Remembering times of grief, Pearl Harbor and beyond

Remembering times of grief, Pearl Harbor and beyond

Letter to the Editor,

On Dec. 7, 1941, Japan attacked our naval fleet at Pearl Harbor, Hawaii, sinking ships and destroying many lives. In a radio message the following day, President Franklin D. Roosevelt broke the news to the nation. “Yesterday, Dec. 7, 1941 — a date which will live in infamy — the United States of America was suddenly and deliberately attacked by naval and air forces of the Empire of Japan.” The nation was put to grief.

But an earlier war, grinding on from 1914 to 1918, brought death and grief to many. A Canadian physician wrote these moving lines: “In Flanders fields, the poppies blow. Between the crosses, row on row. That mark the graves where once we stood.
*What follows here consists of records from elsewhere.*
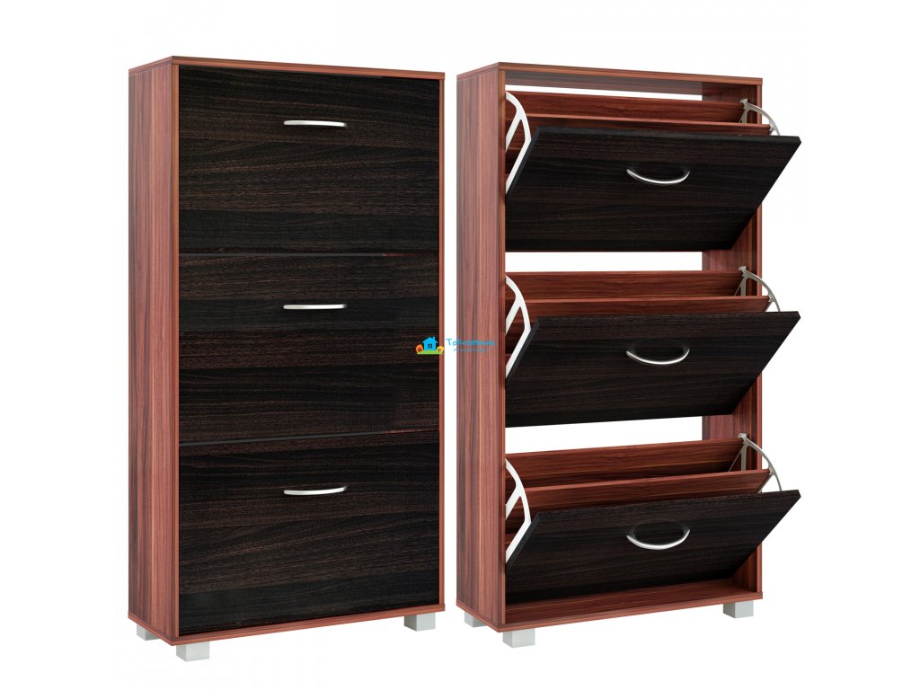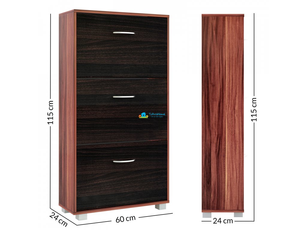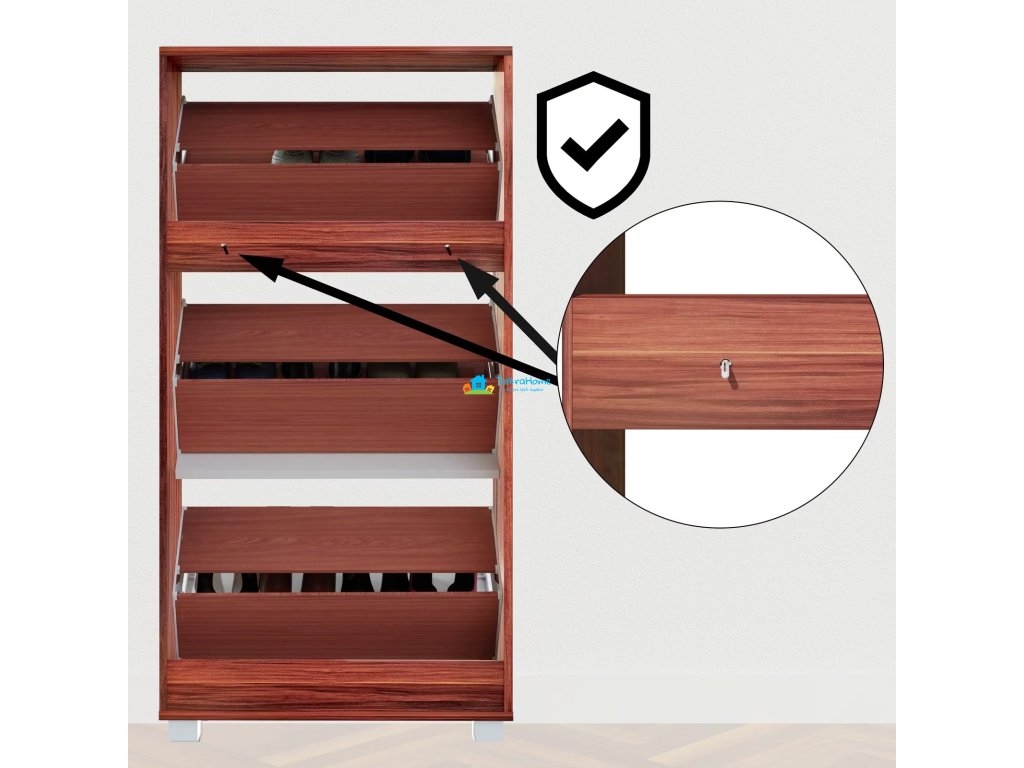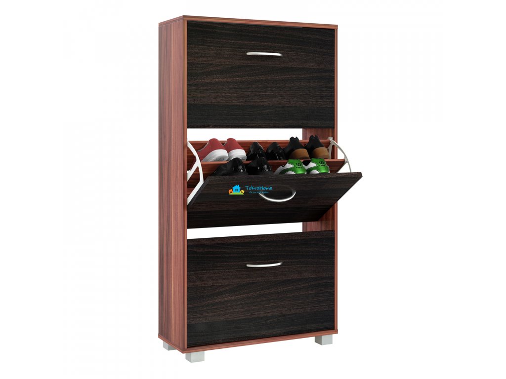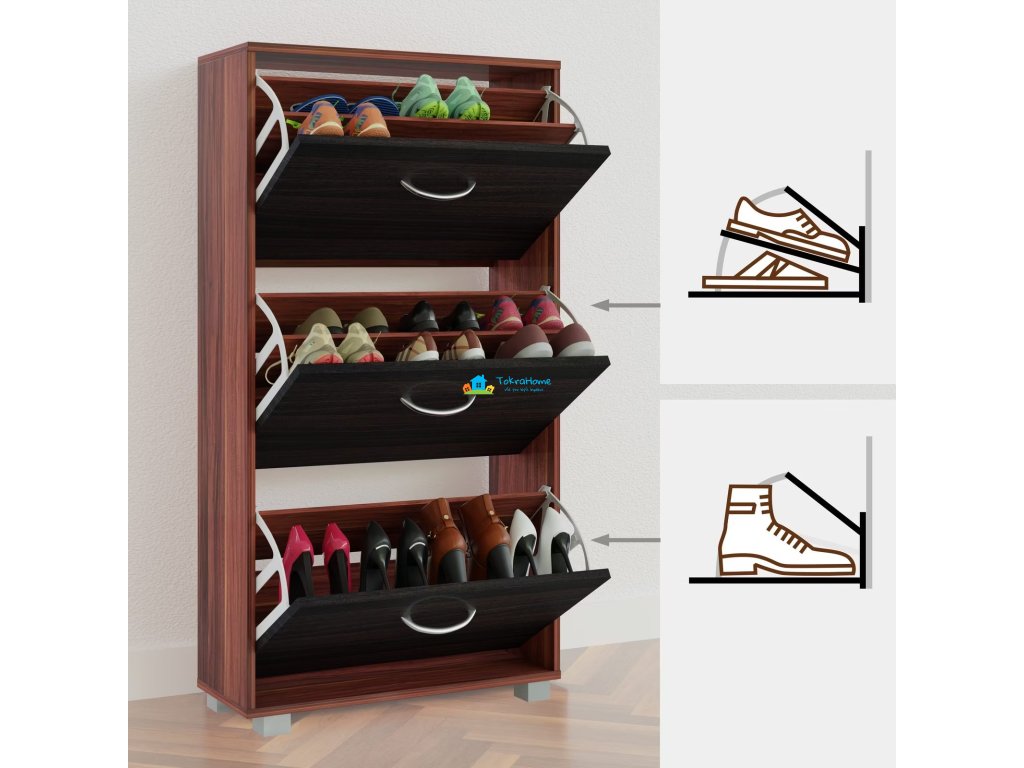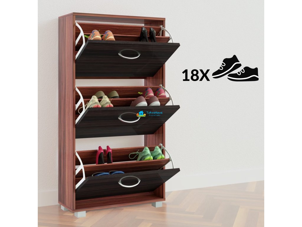 Už nevíte, kam si dát boty? Pak je tento botník pro vás ideální. Přesvědčí Vás moderním designem, prostorově úspornou velikostí a velmi prostorným interiérem. Tři velké police s rukojetí v hliníkovém vhledu - dostatek místa pro všechny vaše boty. Ať už se jedná o lodičky, velké tenisky nebo dokonce kotníkové boty. Díky nastavitelným a odnímatelným přepážkám v každé klapce můžete umístit všechny své oblíbené boty až do velikosti 45. Vzhledem k svému nadčasovému, modernímu designu botník dokonale zapadne do stávajících místností - chodba, předsíň, atd. Díky hloubce 24 cm je botník dostatečně úzký, aby se vešel i do malé chodby. Pojistka proti náklonu/překlopení, která je součástí balení, zajišťuje větší stabilitu při plném zatížení botníku.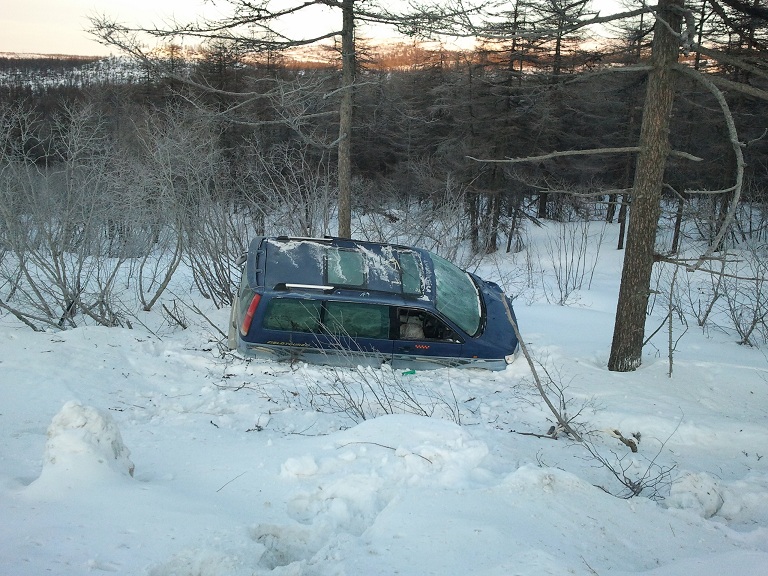 Ещё одна история. Так же 1 января еду в сторону Олы. Первый затяжной подъём. Иду 50-60 ио тут мены начинает резко швырять на встречку, благо никого небыло. Бросаю газ выравниваюсь и станавливаюсь у обочины на встречной полосе. Тронуться немогу шлифует задний привод. Вышел из машины и упал)), свиду асфальт оказался сплошным катком со льдом 2-3см. С горем пополам начал скатываться задом и случайно увидел такое чудо в кустах. В машине никого небыло открыта т.к. окна разлетелись, видно что такси. А вдруг пассажиров вёз и они "того", закопаны в снегу, а сам скрылся. Мож кто подробности знает.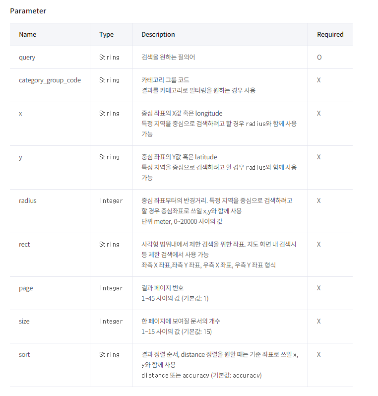 카카오맵 REST API 문서 (단순 SDK 이용이 아닌 Retrofit2 통신이 필요한 부분들 ex. 장소 카테고리, 이름, 주소로 검색 )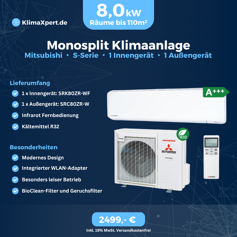 8,0 kW Split Klimaanlagen-Set Mitsubishi Heavy Industries mit 1x Innengerät und 1x Außengerät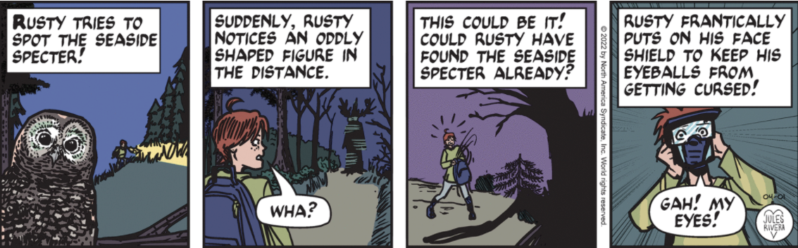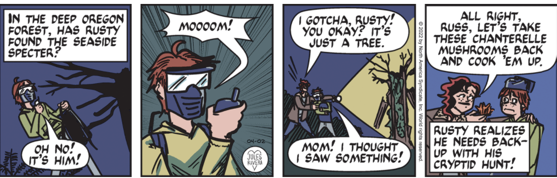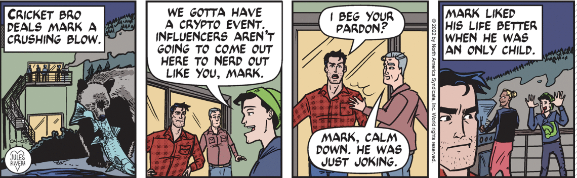 And Mark almost came to blows with Cricket Bro over a lame joke/insult. That part sounds rather topical, doesn’t it? Except that these strips are submitted many weeks in advance, so it is just an interesting happenstance. Cherry’s just-in-time arrival on the scene Saturday silenced the nattering nabobs, freezing them in place while demonstrating once again that…uh, that is to say, men don’t like to be caught out by women acting in ways they likely think women act. Of course, squabbling and name-calling are signs of weakness! But once again, Mark is out of his depth and unable to respond properly or take charge of the situation. Best he makes a tactical retreat and reconsiders his options. One of those options has to be the Sunday nature lesson:

But now we lie in Flanders fields.”

And earlier still, the grief-worn, the death-worn years of the Civil War brought these immortal lines that echo the grief that came with the death of Abraham Lincoln, by poet Edwin Markham: “He went down as when a lordly cedar, green with boughs, goes down with a great shout upon the hills and leaves a lonesome place against the sky. His shout is still upon the hills, and his place still an empty one against the sky.”

And harking back still further, from the psalms of David: “Mine eye is consumed because of grief … For my life Is spent with grief.”

And of Christ himself, our great redeemer, as told by Isaiah the prophet, “a man of sorrows, and acquainted with grief.”

And for us who have lost our loved ones, they left us in Markham’s words “with a great shout upon the hills” and left “a lonesome place” in our memories at our Thanksgiving tables.

And we are mindful, too, of the likeness of grief that befalls the many who have lost loved ones on the battlefields and the footpaths of the earth trodden by the many displaced persons.

Surely, we do well to pause in grief with our hearts at half-mast, too, as we remember the grief, the loss that came to many with the accident on Interstate Highway 70 involving a Pioneer Trails bus. And surely, these are times that try our hearts, for as the song favorite from times past goes, “The dark skies are weeping with dew drops as rain.”